Neo-Realism is a film movement that emerged in Italy after WWII. Shaped by the prevailing anti-fascist sentiment, the films focused on real life stories, of communities rather than individuals—solidarity was an important value. The film directors of this movement–Rossellini and de Sica, among them–favoured non-professional actors and actual locations. The films were made in the streets, not in the studio. Research on this subject should consider the political, economic and technological factors contributing to the development of this movement and the influence of neo-realism on subsequent film movements (new wave, new American, independent film. Film examples: Rome: Open City, Bicycle Thieves,
New Wave Cinema is traditionally associated with group of young French critics/directors who came to prominence during the late 1950s. Including François Truffaut, Jean-Luc Godard, and Alain Renais, these filmmakers believed that what a movie says is inextricably bound up with how it is said and made films with intellectual as well as artistic interests. Since then the term is used to define a diverse range of emerging, non-traditional cinemas–including the Italian New Wave, the German New Wave, Hong-Kong New Wave, Iranian New wave… Research on this subject should consider the situation within which the historical New Wave emerged as a context within which to study the work of its main participants or subsequent generations. Film examples: Breathless, 400 Blows, Cleo from 5 – 7, Hiroshima Mon Amour
Independent Cinema or ‘indie’ film generally refers to films produced outside of the studio system.
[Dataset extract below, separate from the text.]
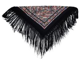 <span class='ref_item'>220 -</span> <span class="object_title">MANTON DE MANILA  BORDADO SOBRE SEDA NEGRA CON MOTIVOS CHINESCOS EN MULTICOLOR</span>   <p><span class="technical_description">Mantón de Manila bordado sobre seda negra, estilo cantonés con intrincados bordados con hilos de seda de motivos chinescos en multicolor, incluyendo detalles de pagodas, puentes, carrozas y diversas figuras humanas y animales.<br/>Rejilla y flecos largos , también en negro. Muy elegante.<br/>Medidas : 1,60 cm x 1,60 cm sin flecos. Rejilla y fleco 65 cm </span><br></p>

Although the term is currently associated with new, young and idealistic filmmakers working with small budgets, it has existed since the early days of Hollywood as a reference to the lower budget picture produced by smaller studios or ad hoc companies. This research project will study changes in independent production over time, considering the economic, aesthetic and cultural differences or relationships between independent and studio production. Film Examples: Shadows, Clerks.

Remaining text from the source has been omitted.